Ahh, popcorn. The salty, buttery, crunchy treat that’s irresistible.

Here’s everything you’ve always wanted to know about this delicious snack.

Q: Why do we eat popcorn at the movies?

A: Popcorn and movies have a long history, although there was a time when movie theatres didn’t allow popcorn.

In the 1920s, popcorn was a popular treat at fairs and carnivals, but it was considered too low-brow and messy for movie theatres. As a result, independent popcorn stands started appearing on the sidewalks in front of movie houses, much to the chagrin of theatre managers.

However, the opposition to popcorn changed during the 1930s, when many theatres were barely turning a profit. Building concession stands inside theatres to sell snacks helped these business owners remain solvent.

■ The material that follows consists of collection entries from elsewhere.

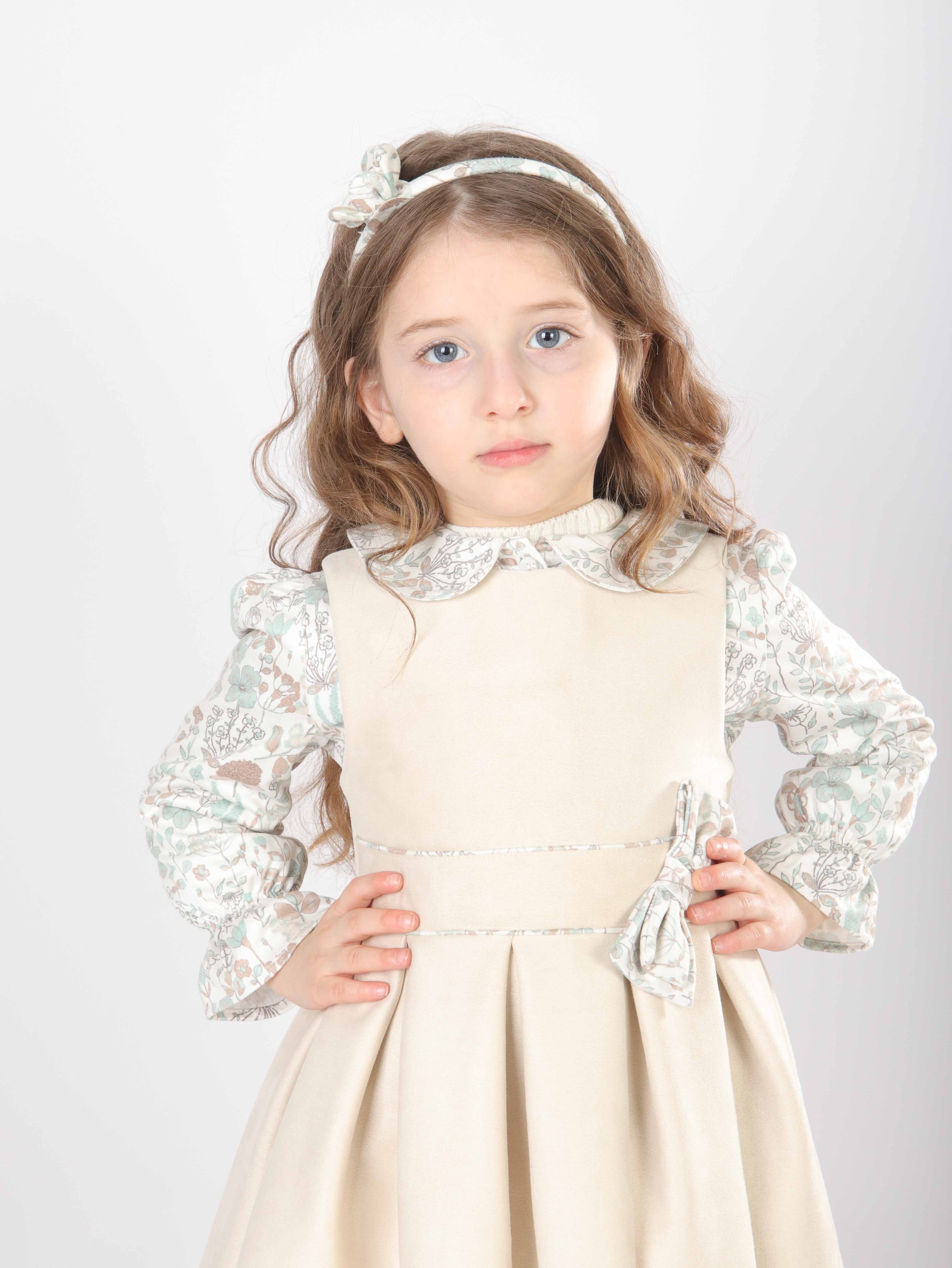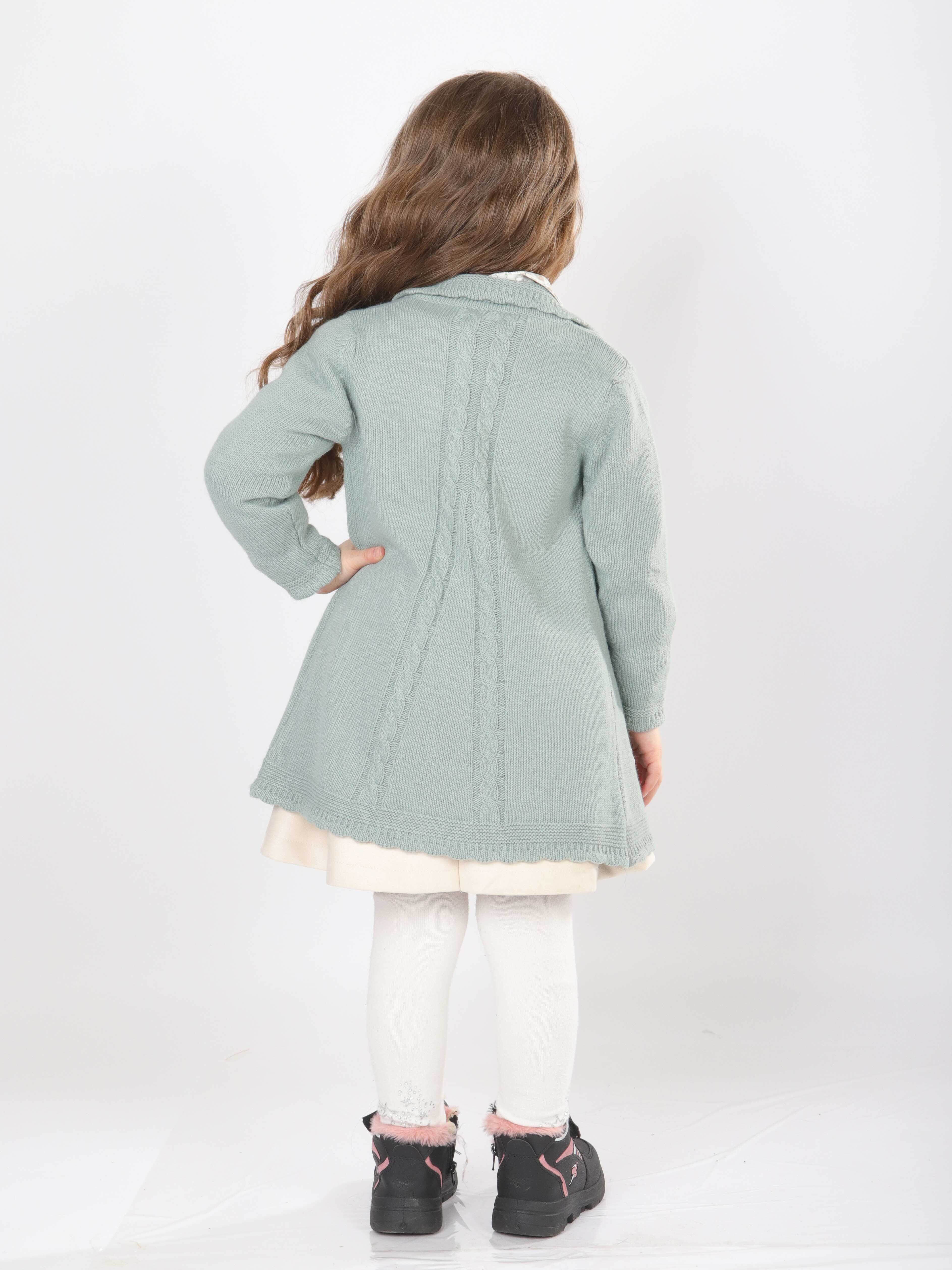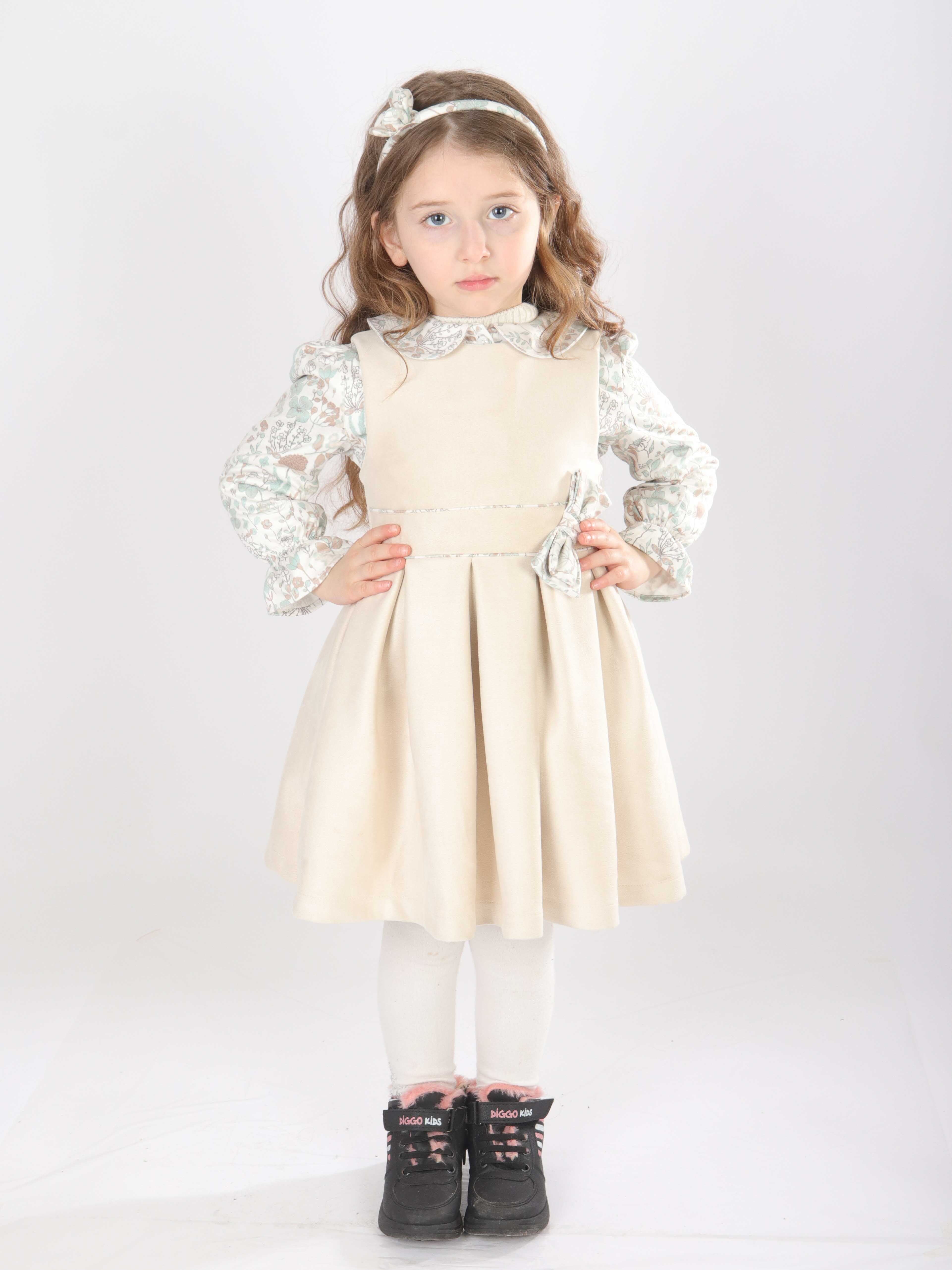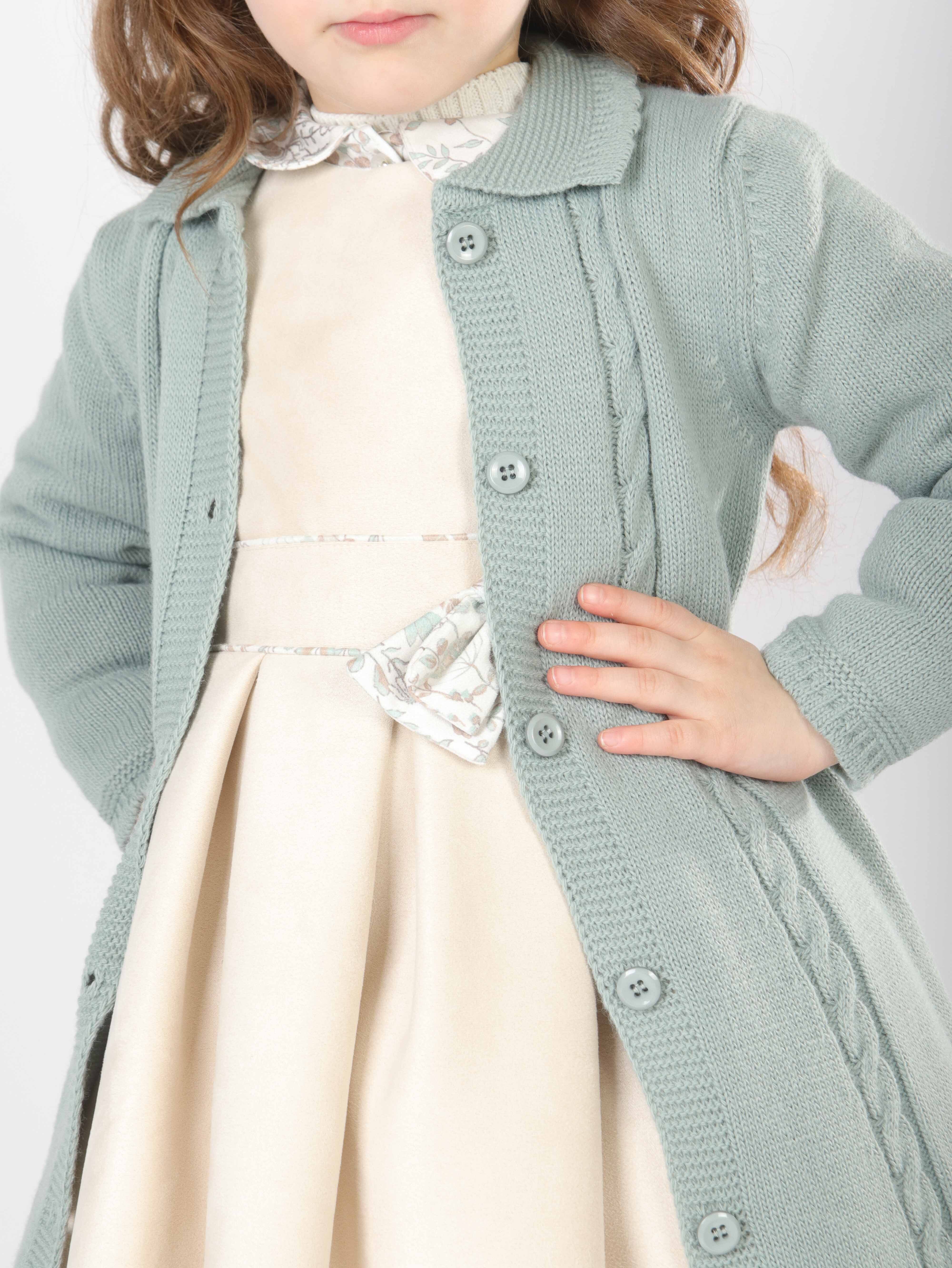 Bu şık kız çocuk elbise seti, bahar ayları için mükemmel bir tercihtir. Elbise, krem rengi kadife kumaştan yapılmış olup, uzun kollu ve çiçek desenli gömlek yakası ile zarif bir görünüm sunar. Elbisenin belinde ve yakasında bulunan küçük fiyonk detayları, tasarıma ince bir dokunuş katar. Üzerine giyilen mint yeşili triko hırka, düğmeli ve uzun kollu olup, örgü detayları ve zarif fırfırları ile klasik ve rahat bir stil yaratır. Kombin, beyaz tayt ve siyah-pembe detaylı botlarla tamamlanarak hem şık hem de kullanışlı bir çocuk kıyafeti sunar.
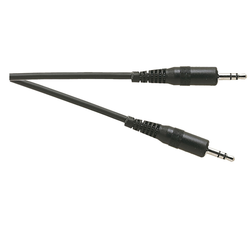 Black 3.5 mm Stereo jack plug to 3.5 mm stereo jack plug.
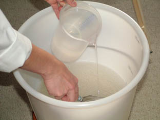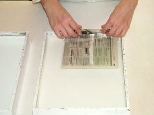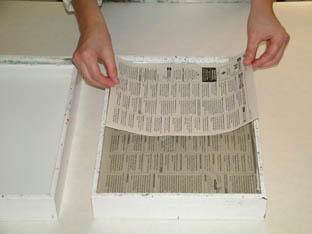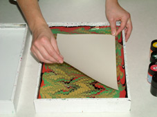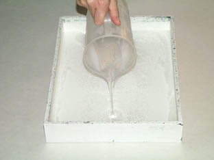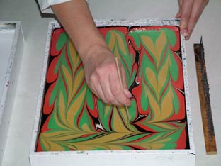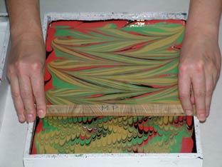 | Vorbereiten des Kleisters | Befüllen der Marmorierwanne | Abdecken des Marmoriergrundes | Entfernen des Abdeckpapiers |
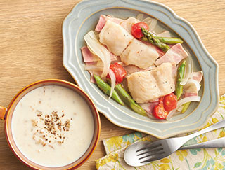 材料:豚こまぎれ、春キャベツ、じゃがいも、玉ねぎ、グリーンアスパラガス、牛乳、みそ、オリーブ油、顆粒コンソメ、塩・こしょう
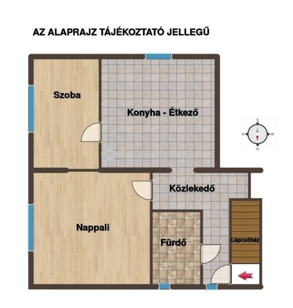 Az ingatlan egy kis létszámú, mindössze 4 lakásos, téglaépítésű ház első emeletén helyezkedik el. Elosztása kiváló: tágas nappali, külön hálószoba, nagyméretű, étkezős konyha, valamint fürdőszoba szolgálja a kényelmet. A szobák keleti, a konyha déli tájolású, így a lakás egész nap világos és barátságos.
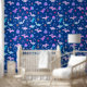 Boho dinosaurussen kleurrijke donkerblauwe kwekeri behang

Popcorn remained popular through the 1940s due to a sugar shortage caused by World War II. Theatres couldn't offer sweet snacks, but they could always depend on selling popcorn.

Q: Is popcorn healthy?

A: Popcorn is high in fibre, and it contains an antioxidant. Without salt and butter, it has a low calorie count: 93 calories for every three cups of popcorn.

Q: Which country consumes the most popcorn?

A: The United States consumes more popcorn than any other country. According to The Healthy Journal, Americans eat about 15 billion quarts of popcorn each year, and who can blame them?

Q: When was popcorn first discovered?

A: Popcorn has been around for a long time. Sources say the earliest evidence of popcorn was found in Mexico. Archaeologists discovered popcorn was made in Peru approximately 4,700 years ago.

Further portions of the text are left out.